Dear Carolyn: My husband and I have been married two years. Because I had a partial scholarship and worked through college, I don’t have a lot of student loans. My husband’s parents paid for his first bachelor’s but refused to pay for his second when he changed careers, so he has a lot of debt. I pay 80 percent of the bills because I make more money and so he can pay his student debt down, but other than the joint bill-paying account, we keep our money separate.

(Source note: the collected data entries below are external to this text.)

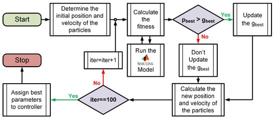 The controller parameters in this study were determined using PSO. It is an optimization algorithm discovered by Kennedy and Eberhart (1995) and created by taking advantage of the swarm behaviour, as in many optimization techniques []. All particles in the swarm try to move their position closer to the best position within the swarm, this process continues until the best position is reached [,]. All particles in the PSO algorithm are updated in each iteration with the best solution of the current iteration () and the best solution of all iterations () []. Expressions in which new particle velocities are determined are given in Equation (22), and new particle positions are given in Equation (23). Here, and are respectively the current and next positions of the particles, and are respectively the current and next speeds of the particles, and are the learning coefficients, and w is the inertia weight. and values are random numbers in the range , which can optionally be sampled from a uniform distribution. These random values add randomness to the optimization algorithm.
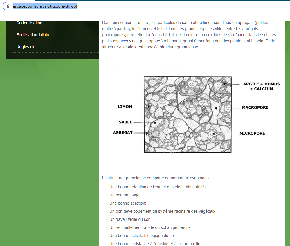En matière de sol, il y a deux critères qui compte, la texture et la structure... Ces deux critères déterminent la capacité du sol, entre autres, à résister au ravinement....
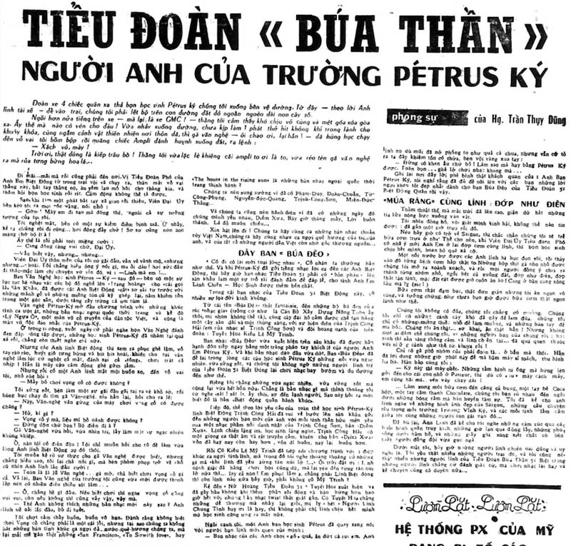 – Ghi lại nơi đây lời phê bình thật khách quan của một anh bạn Petrus Ký, tôi nghĩ rẳng đã đủ để nói lên với các bạn những lời ngợi khen tốt đẹp nhất dành cho ban Búa Đẽo của Tiểu Đoàn 51 Biệt Động Quân rồi vậy.
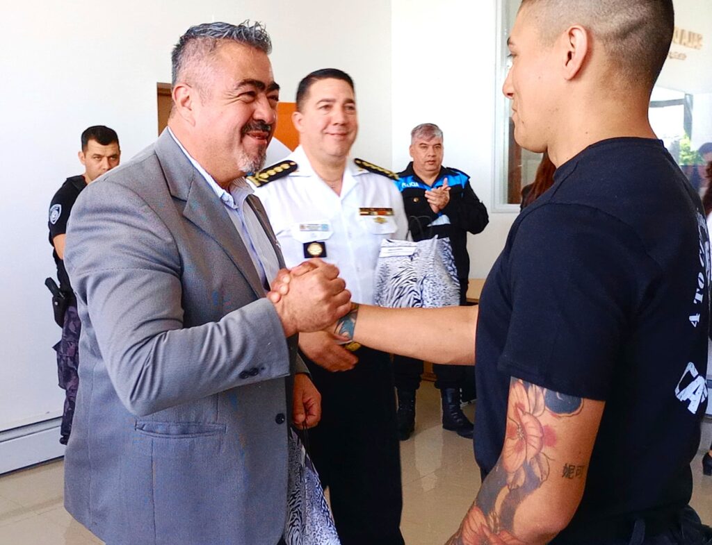 El acto tuvo lugar en las instalaciones de la Jefatura de Policía de Rawson y estuvo presidido por el ministro de Seguridad y Justicia, Héctor Iturrioz, y el jefe de la fuerza, Andrés García. También asistieron los subsecretarios de Seguridad, Claudio Fernández; de Seguridad Vial, Germán Lagos; y de Protección Ciudadana, Eduardo Pérez; así como el subjefe de Policía, Mauricio Zabala; el intendente de Trelew, Gerardo Merino; el secretario de Gobierno de ese municipio Mario Romeo; y el coordinador de Seguridad de Trelew, Adrián Muñoz; junto a directores de la Plana Mayor, Bomberos Voluntarios de Trelew, el jefe de la sección Canes de Trelew, Saúl Ale; jefes de Áreas, y personal policial de diversas dependencias.
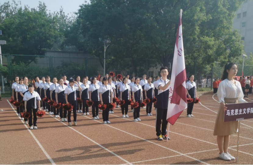 为迎接这场体育盛会,由tyc522cc太阳成集团院长袁本文亲自领衔的36名师生代表组成了统一着装、精神饱满的开幕式方阵。伴随着“青春激扬,马院最强。百年征程,扬帆起航。我心向党,势不可挡。不忘初心,敢于担当。爱我中华,奋力向上。马院学子,共创辉煌!”这铿锵有力的口号,方阵依次变换成“100”、“I”、“♥”、“中”、“国”的字样。tyc522cc太阳成集团以此别出心裁的创意向全校师生展现了马院学子们的朝气与活力,更是为建党100周年献上一份特殊的贺礼!
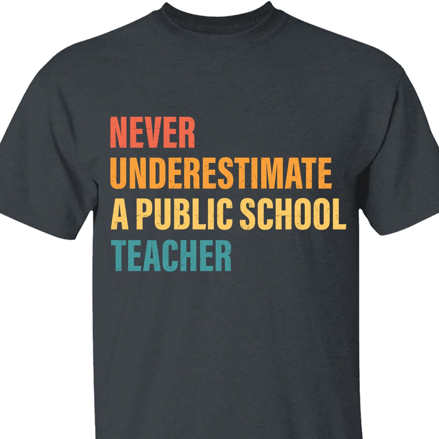 This t-shirt features the impactful phrase "Never underestimate a public school teacher," presented in a bold, grunge-style font. Each line of the design is color-coded to add vibrancy and emphasize the strength of the message. The words are aligned to the left and placed on separate lines for clarity, creating a clean yet dynamic design. The grunge style gives the text a bold and weathered look, adding character and reinforcing the resilience and strength of public school teachers. This shirt is a powerful statement of respect and admiration for educators, celebrating their often underestimated role in shaping the future.
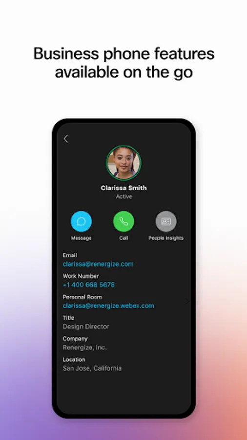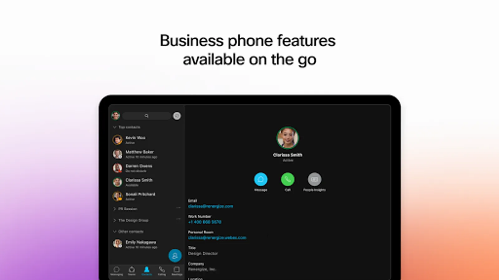 Call: With your favorite calling features built into the app, you have the power of your business phone anytime, anywhere. Instantly start impromptu conversations, access visual voicemail, and more.
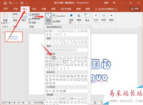 5、字體以及字號(hào)設(shè)置好以后,打開(kāi)“插入”菜單選項(xiàng)卡,依次點(diǎn)擊“形狀”-->“橢圓”形狀。此時(shí)鼠標(biāo)變成十字狀態(tài),按下鍵盤(pán)的Shift鍵,并同時(shí)按下鼠標(biāo),拖動(dòng)鼠標(biāo)來(lái)畫(huà)一個(gè)正圓。這個(gè)圓就是用來(lái)遮蓋文字用的,根據(jù)實(shí)際需要自行調(diào)節(jié)圓的大小以及位置。如圖所示;
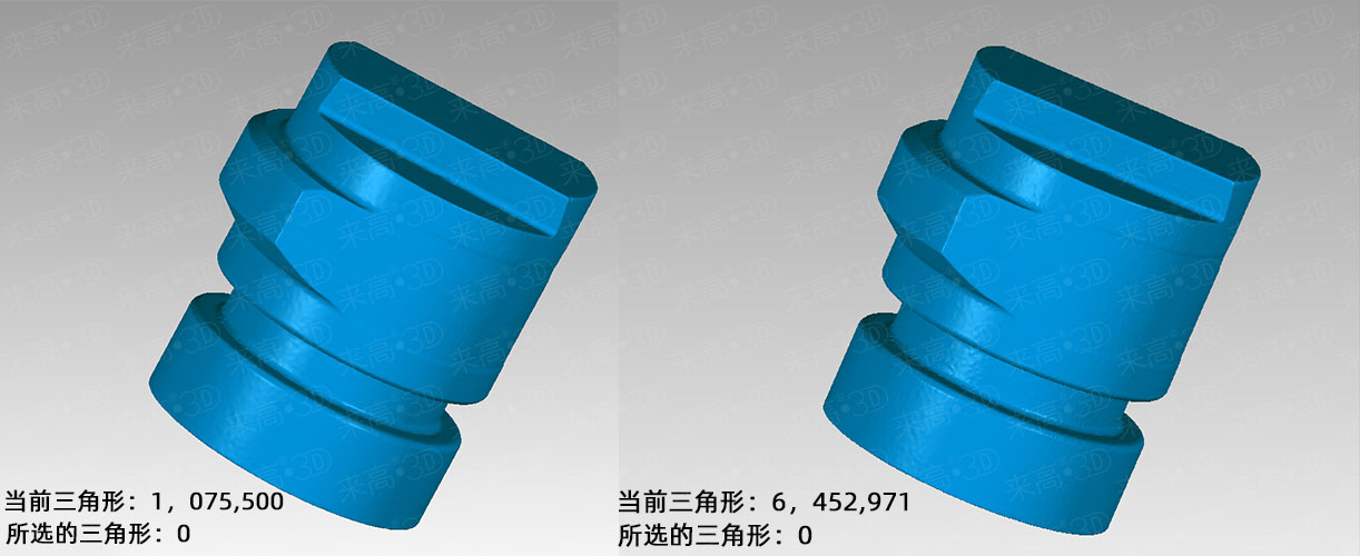 通過圖片可以看出網格細化可以提高網格的表面質量細節。網格細化僅僅提高細節,對于精度是沒有提升效果的。所以在選擇三維掃描儀的時候要根據精度需求進行合理的選擇。
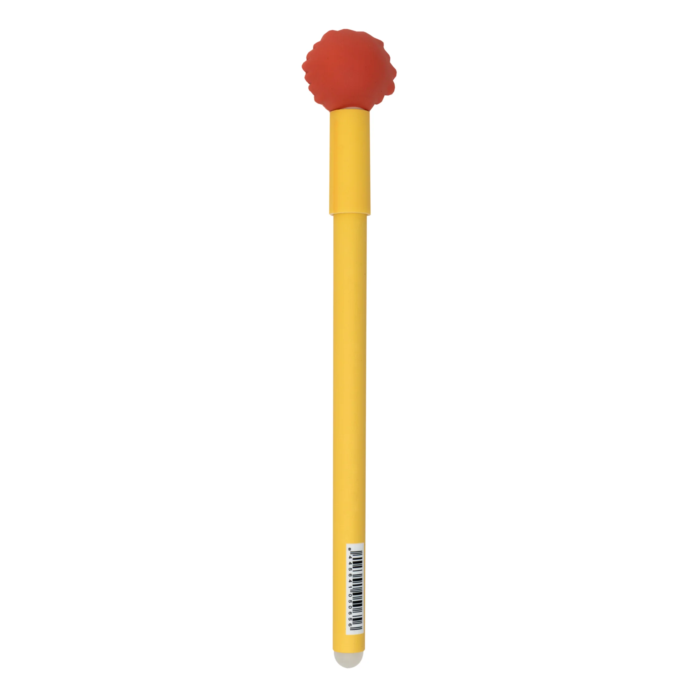 Boli con tinta borrable de color azul y el león Simón en uno de sus extremos.
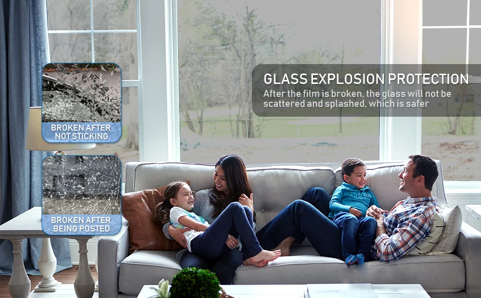 Простота в использовании: статическая пленка, применимая к любой гладкой или плоской стеклянной поверхности, такой как окно, раздвижная дверь, балкон, защищая стекло от повреждений.
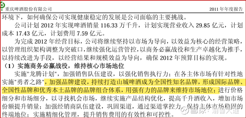 当时,嘉士伯还通过重啤向证监会及社会公众重申承诺。其在重啤股份2011年财报中提到,会“加强品牌建设,持续打造山城啤酒成为全国性知名品牌”。
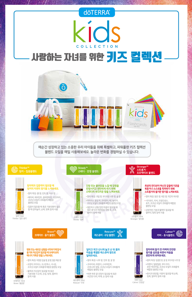 매순간 성장하고 있는 소중한 우리 아이들을 위해 특별하고, 파워풀한 키즈 컬렉션 블렌드 오일을 매일 사용해 보세요.
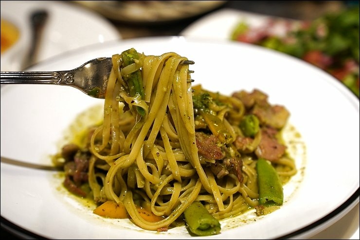 櫻桃鴨腿青醬扁麵,鴨肉不柴,麵條有Q,表現中規中距。
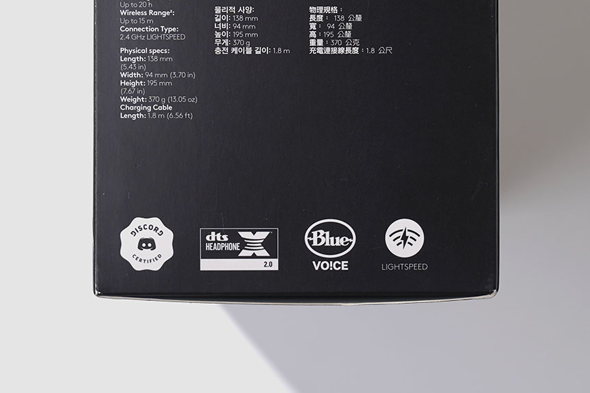옆면의 아래쪽을 살펴보면 최근에 가장 많이 사용되고 있는 음성 채팅용 인스턴트 메신저 디스코드(Discord)의 인증을 받은 제품이라는 문구가 표시되어 있습니다. 그 외에도 로지텍 G PRO X 무선 헤드셋에 탑재된 각종 기술의 로고가 인쇄되어 있습니다.
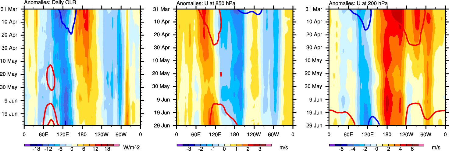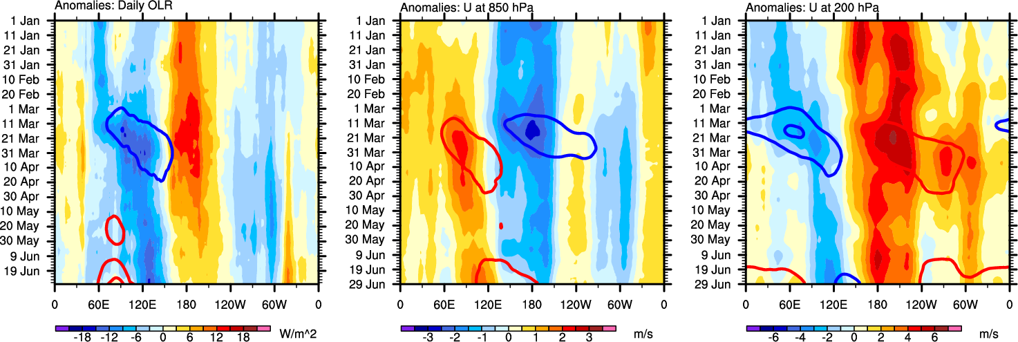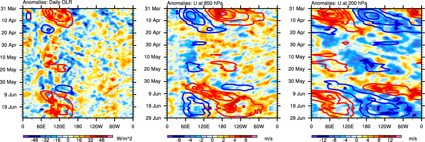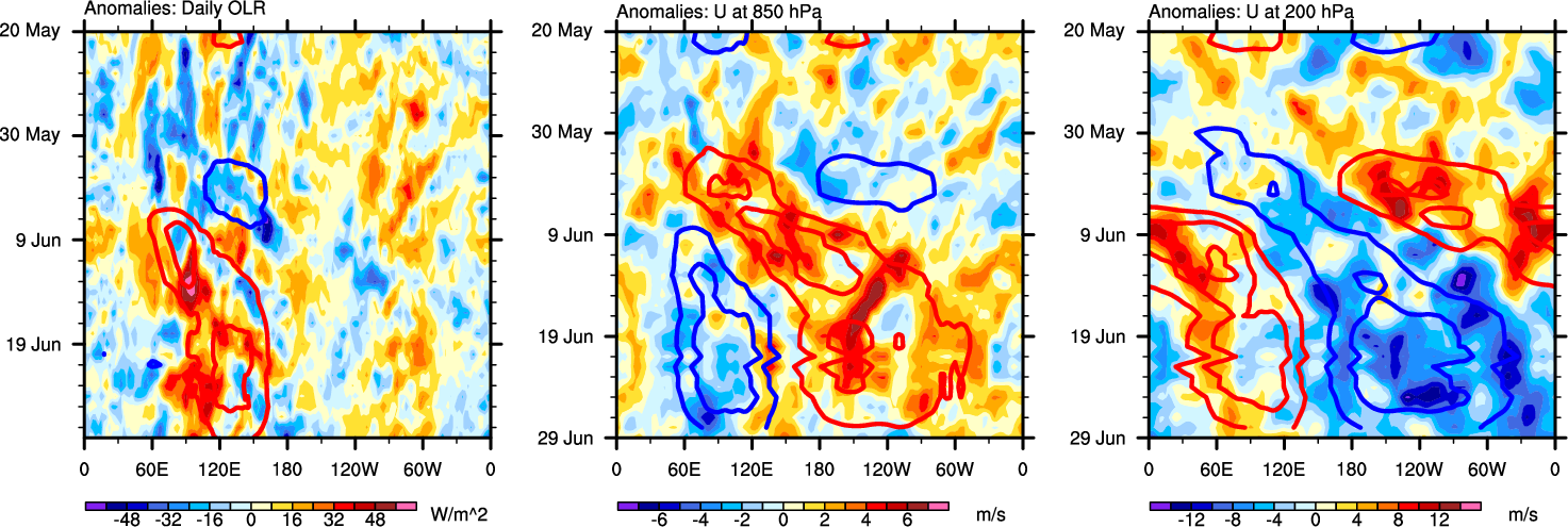 The Hovmollers show longitude-time plots for OLR, U-850, and U-200. The shading indicates the observed anomalies, while the contours are the projection of those anomalies onto the RMM EOFs.
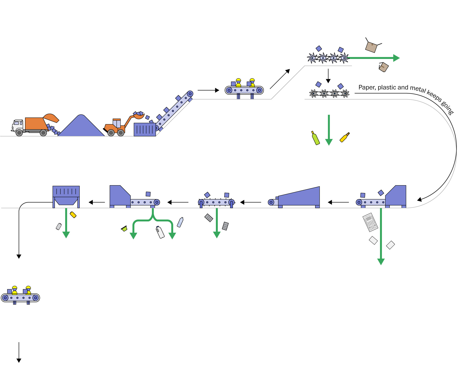 People look for any remaining recyclables before the “residue” goes to the trash.
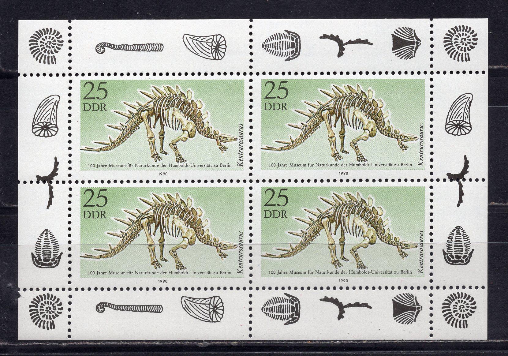 Почтовые марки. ГДР, 1990 г. Динозавры. МЛ №3325.

He’s become extremely resentful of the fact that I have a lot more “fun money” than he does even though I do things to save where I can, like pack my lunch and bring coffee from home. He says he didn’t get two degrees to brown-bag it and drink coffee out of a Thermos. He wants us to put all our money into one account and just pay all the bills, including his loans, from that and then split what’s left over.

I’m resisting because it just doesn’t seem fair to me. He says it shows I don’t consider our marriage to be a partnership. Is he right? Am I being greedy and petty?

— Resisting


(Nick Galifianakis/The Washington Post)

Resisting: I’m with your husband, with major caveats. Your insistence on splitting the finances and leaving him cash-strapped by his loans is not marriage, it’s cohabiting.

Unless you say you are, though, I’m not going to call you “greedy and petty”: Did you choose this setup out of distrust, and did he act in a way that damaged your trust? Do you think he’s irresponsible, and that’s why you’re protecting what you see as yours?

That’s not good, either, but it does demand a different response.

You need to figure out why you don’t see and treat your husband as your full partner. If this is just about securing more money for yourself, then you need to apologize copiously, pool your resources and come up with a plan that allows for bills, debt repayment, savings and fair spending money. This can include some money in separate accounts — but the idea is for joint financial health vs. “I’m fine and it’s your fault you’re still flailing.” An attitude, by the way, that would point to a need for remedial work in counseling.

If you’re justifiably distrustful of him or his handling of money, then you need to deal with that, with him, without flinching. That whole “I didn’t get two degrees to brown-bag it” attitude is not a good look on him or on anyone asking to spend someone else’s money for his luxuries. If he won’t be the adult about assuming so much debt, then it makes complete sense that you don’t want to do it for him. I’d see any entitlement on his part as a joint-finances dealbreaker.

This doesn’t even begin to address the legal implications of your marriage and his debt, so talk to a lawyer, too, before you do anything else.

Short version, though: You do sound as if you’re half in this marriage. Please figure out why you’ve held back, and then choose your course from there.